LoveEcho 12-12-2012 01:00 PM

Welcome! :wave:

How much exercise is he receiving? How much training? Do you practice NILIF (nothing in life is free)?

Kyleigh 12-12-2012 03:12 PM


Oh aren't they just the cutest when they're being puppies!!!

At 10 months, I believe it's time to ramp up that training, and being consistently consistent about it.

You want to brush your teeth in the morning? Put him in a sit / stay ... and reward when done (of course he might break it 5 times ... but don't give in!)

You want to do something in the kitchen? Put him in a sit / stay in the SAME spot you want him in all the time you're in the kitchen ... and be consistent ... and reward and reward!!!

He's having a field day right now because he doesn't have a lot of rules ... and he's a puppy ... and he doesn't know what he can / cannot do!

A simple NO won't do it!

When he takes the laundry out of the hamper ... it's your fault ... where were you that he was able to GET there in the first place? AHA ... you say ... I see ... yes ... every time your dog gets into something it shouldn't it's because you didn't teach him he can't BEFORE he did it!!!

So now that he knows he can do it ... it's going to be that much harder to stop! He self-rewards every time he takes something out of the hamper!

Don't let him out of your sight ... seriously ... attach his leash to you if you have to so he doesn't have the opportunity to get into trouble!

And yes, NILIF ifs awesome ... and so is exercise ... a happy dog is a tired dog!

Good luck, and have fun!

RowdyDogs 12-14-2012 01:41 AM

Yep, at that age (or at least at that age with those issues), you need to either be giving him your full attention or have him somehow restrained (crated, tethered to you, or in a stay are all good options) so he can't get into trouble.

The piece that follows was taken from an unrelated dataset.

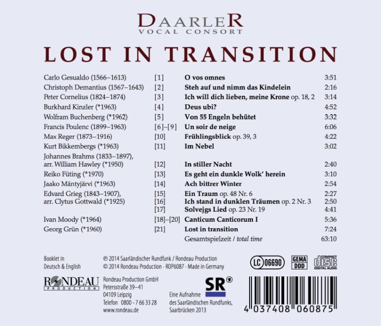 „Alles ist nur übergang / merke wohl die ernsten Worte, / von der Stunde, von dem Orte / treibt dich eingepflanzter Drang, / Tod ist Leben / Sterben Pforte, / alles ist nur übergang.“ Diese Inschrift soll einst eine alte Wiener Brücke geziert haben. Sie inspirierte Georg Grün zur Komposition „Lost in Transition“ sowie das Daarler Vocal Consort zur Einspielung seiner aktuellen CD mit dem gleichnamigen Titel. Es erklingen Werke vom 16. Jahrhundert bis hin zu zeitgenössischen Kompositionen – von Gesualdo über Demantius, Cornelius und Reger bis zu Mäntyjärvi, Moody und Grün, der selbst Sänger im Daarler Vocal Consort ist. Die vertonten Lebenssituationen – in denen die Uhr stehen geblieben ist, in der die Welt, wie sie war, nicht mehr, und in der Neues, Unbekanntes noch nicht ist – sind transparent und klar vom Daarler Vocal Consort interpretiert. Mit der aktuellen CD veröffentlicht Rondeau Production bereits die zweite CD mit diesem Ensemble: Die erste CD „Zwischen Himmel und Erde“ (CD ROP6034) wurde mit dem Pizzicato Excellentia Award ausgezeichnet.

He's not acting out for attention necessarily, he's acting out because it's fun! What dog doesn't like getting into smelly laundry and garbage? If he's bored and he can do it, why not? Even nipping you can be described that way. Sure he wants attention, he wants you to play! And when you turn around and swat him or chastise him, that's the start of play, right? Kind of? It's something to do, anyway!

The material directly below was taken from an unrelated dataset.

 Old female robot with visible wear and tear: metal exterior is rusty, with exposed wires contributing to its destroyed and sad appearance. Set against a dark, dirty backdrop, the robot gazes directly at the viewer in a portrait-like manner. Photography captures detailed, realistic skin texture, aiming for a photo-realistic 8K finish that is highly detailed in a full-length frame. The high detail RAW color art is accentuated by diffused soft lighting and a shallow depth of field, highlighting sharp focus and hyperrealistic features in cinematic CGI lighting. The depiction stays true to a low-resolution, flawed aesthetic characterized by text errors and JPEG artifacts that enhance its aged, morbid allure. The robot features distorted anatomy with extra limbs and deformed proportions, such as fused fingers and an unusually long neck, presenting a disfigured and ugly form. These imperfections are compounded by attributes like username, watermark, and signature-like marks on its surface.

So what you need to do is make extra sure that his need for exercise (both mental and physical) is being met--and young GSDs can be very smart and very energetic, so that can take a lot! And then otherwise, control his life so that he doesn't have the opportunity to get into trouble. As he matures a bit more (and you continue to provide him with enough exercise and mental stimulation), you should be able to relax your control without him getting into trouble, but at this point he's very much a baby still and is just trying to play and explore his environment.

Also, if you do choose to go the "stay" route, remember his age...don't expect him to stay there too long. Young'uns of all species only have so long of an attention span and you want to set him up for success by not expecting too much of him too soon. I personally prefer tethering the dog to me for that reason, because they have some freedom to move and figure out how they want to be but they're still not able to get into trouble.

Finally, one thing that worked for me with the playful nipping/jumping my dog used to do is to give a clear "I'm ignoring you" cue. I turn my back to him, cross my arms and look at the ceiling. He can do what he wants, I don't speak at all or move except to turn my back again if he comes around to my front, and I don't relax until he's been calm for a couple of seconds, at which point I'll pet him--going back to ignoring him if he reacts rudely. After a week or so of doing that consistently any time he was rude, all I had to do was cross my arms and look up for a second and he'd immediately chill out. I initially learned that trick for jumping but I found it very successful with nipping too, as long as you trust your dog not to escalate into biting.

Sasha86 12-14-2012 02:30 AM

My dog does this too, she will take things she knows she is not suppose to and then she will show me, when I tell her to drop she runs, prob laughing at me. It seems like she acts out when I am there and when I'm gone she's very calm and isn't destructive. She has all the toys, tug kong and etc. she gets plenty of exercise, but she is quite frustrating. She is just shy of 11 months, so I feel your pain.